We hope no one will consider these self-revealing accounts in bad taste. Our hope is that many alcoholic men and women, desperately in need, will see these pages, and we believe that it is only by fully disclosing ourselves and our problems that they will be persuaded to say, "Yes, I am one of them too; I must have this thing." ' (Alcoholics Anonymous)

The AA message is carried through stories.

The stories in the back of the Big Book are sometimes humorous, often deadpan, and apparently very honest.

The stories told in the meetings—likewise.

When I listen to podium talks from conventions, conferences, etc., a different picture emerges: the speaker, very often, rather than telling an honest, candid story, presents a disparaging caricature of himself (for it is usually men who do this) as an utterly selfish idiot drinker and newcomer.

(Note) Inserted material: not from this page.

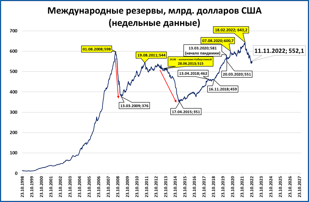 ЗВР уже восьмую неделю (с 9 сентября) находятся в узком диапазоне 540-560 млрд. долларов.

I, for one, struggle to identify with such stories, not because I was not utterly selfish and foolish as a drinker and newcomer, but because the picture is woefully incomplete: as a drinker and a newcomer, I was nonetheless a fully-fledged, complex human being, with a full range of emotions and experiences.

The reduction of public discourse to one-dimensional comic parodies of ourselves does not, in my view, further communication.

If AA is to grow to the next level, I believe that the choice of speakers at this very public level must move from stand-up comedian to individuals who may not have as much showtime to them but who have genuine, profound experience of spiritual growth and are able to be genuinely candid.

More substance, less glitter and gutter, please.